Waiting for an economic stimulus

Yoginder K Alagh | Updated on August 13, 2019 Published on August 13, 2019

The Centre may give a push to infrastructure schemes not backed by budgetary allocations

As the Kashmir issue gets raised at the UN Security Council and economic activities are further clogged in the North West, the announcement by the Finance Minister that a stimulus package is being planned comes as a relief. Frankly, I expected this in the Budget.

Delayed onset of the monsoon has taken its toll, which cannot be made up by excessive rainfall in late July and early August. Less preferred crops are grown. The impact on early plant growth cannot be reversed. In fact, drinking water problems and rainfall failures in unirrigated areas have led to farm distress and decline in area sown.

A redressal of these bottlenecks is only to be expected. The RBI’s Monetary Policy Statement was clearly given in the context of an expected stimulus. Expert opinion has expressed the view that the damage had been done. The RBI has reduced its GDP forecast, and the experts in banking and industry even more so. The abysmal performance in the IIP does not come as a surprise.

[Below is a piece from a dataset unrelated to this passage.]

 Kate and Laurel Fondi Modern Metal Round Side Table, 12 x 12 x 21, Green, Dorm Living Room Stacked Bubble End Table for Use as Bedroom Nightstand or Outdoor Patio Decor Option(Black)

In fact, a stimulus package now would start showing up only by the end of the year. Meanwhile, there is a limit to reduction in the interest rates. The 35 bps cut, highest since 2010, was just about the outer limit.

The only cheerful news one got was of pension funds, from Australia to Canada, pushing large inflows into Indian paper, obviously enticed by the high interest rate. This to an extent weathered portfolio outflows after the Budget, driven by the higher taxes. But core inflation is still at 3.5 per cent, a cause for slight unease.

Planning needed

What’s the stimulus going to be like? Some infrastructure schemes, not backed by budgetary allocations, may get a push. While large announcements were made for medium-term scheme objectives, the funding aspect was clear only in some cases such as self-help groups. This is likely to be remedied. Investments in rural-urban connectivity infrastructure are an obvious candidate.

The talk on demographic dividends will need to translate into investments. Girls’ education should be a priority. The NSS shows a decline in female enrolment. The stimulus should concentrate on skills. Private sector investment will follow. But all of this needs planning. The stimulus should be a part of a long-term strategy. But planning has become a bad word today.